Photoluminescent sensing for acidic amino acids based on the disruption of graphene quantum dots/europium ions aggregates

•A sensitive and specific sensor is designed for acidic amino acids detection.•The sensor is based on the competition between acidic amino acids and quantum dots for europium ions.•Acidic amino acids quantitation can be achieved by using either down-conversion or up-conversion photoluminescence.•The sensor follows a simple mix-and-detect mode.•Acidic amino acids quantitation can be achieved by using either down-conversion or up-conversion photoluminescence.•The sensor gives nearly identical detection sensitivities for the two acidic amino acids (glutamic acid and aspartic acid).

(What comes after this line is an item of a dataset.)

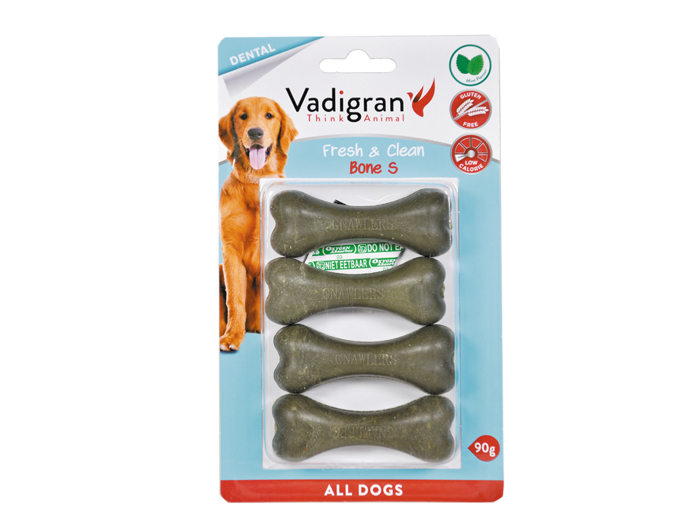 De Vadigran Fresh & Clean geperste kauwbotten zijn heerlijke, gezonde snacks en hebben een muntsmaak.Het gepest bot is licht verteerbaar en is ook uitstekend voor de mondhygiëne. Het helpt om tandsteen te voorkomen, verstevigt de kaak en draagt bij tot de reiniging van de tanden en het tandvlees. Bovendien krijgt de hond dankzij de muntsmaak een frisse adem.Deze smaakvolle snacks stimuleren je hond om te spelen en te kauwen. Het is belangrijk om de hond veel plezier te bezorgen, het houdt hem bezig en vermijdt dat hij zich zal gaan vervelen.

A simple mix-and-detect photoluminescence method was developed for the turn-on detection of acidic amino acids. To achieve this, graphene quantum dots (GQDs), which emit both down-conversion and up-conversion photoluminescence were prepared by solvothermal synthesis. The carboxylic acid-rich surface not only increases the water solubility of the prepared GQDs, but also makes Eu3+-triggered GQDs aggregation possible, thus causing the photoluminescence quenching of GQDs. The quenched photoluminescence can be recovered by the competition between acidic amino acids and GQDs for Eu3+. Under optimized conditions, sensitive and specific acidic amino acids quantitation can be achieved by utilizing the changes in either down-conversion or up-conversion photoluminescence. Up-conversion mode gives a little lower detection limit than the down-conversion one. Nearly overlapped calibration curves were obtained for the two acidic amino acids, glutamic acid (Glu) and aspartic acid (Asp), thus suggesting that the proposed method can be used not only for the quantitation of individual acidic amino acids, but also for the detection of total amount of them.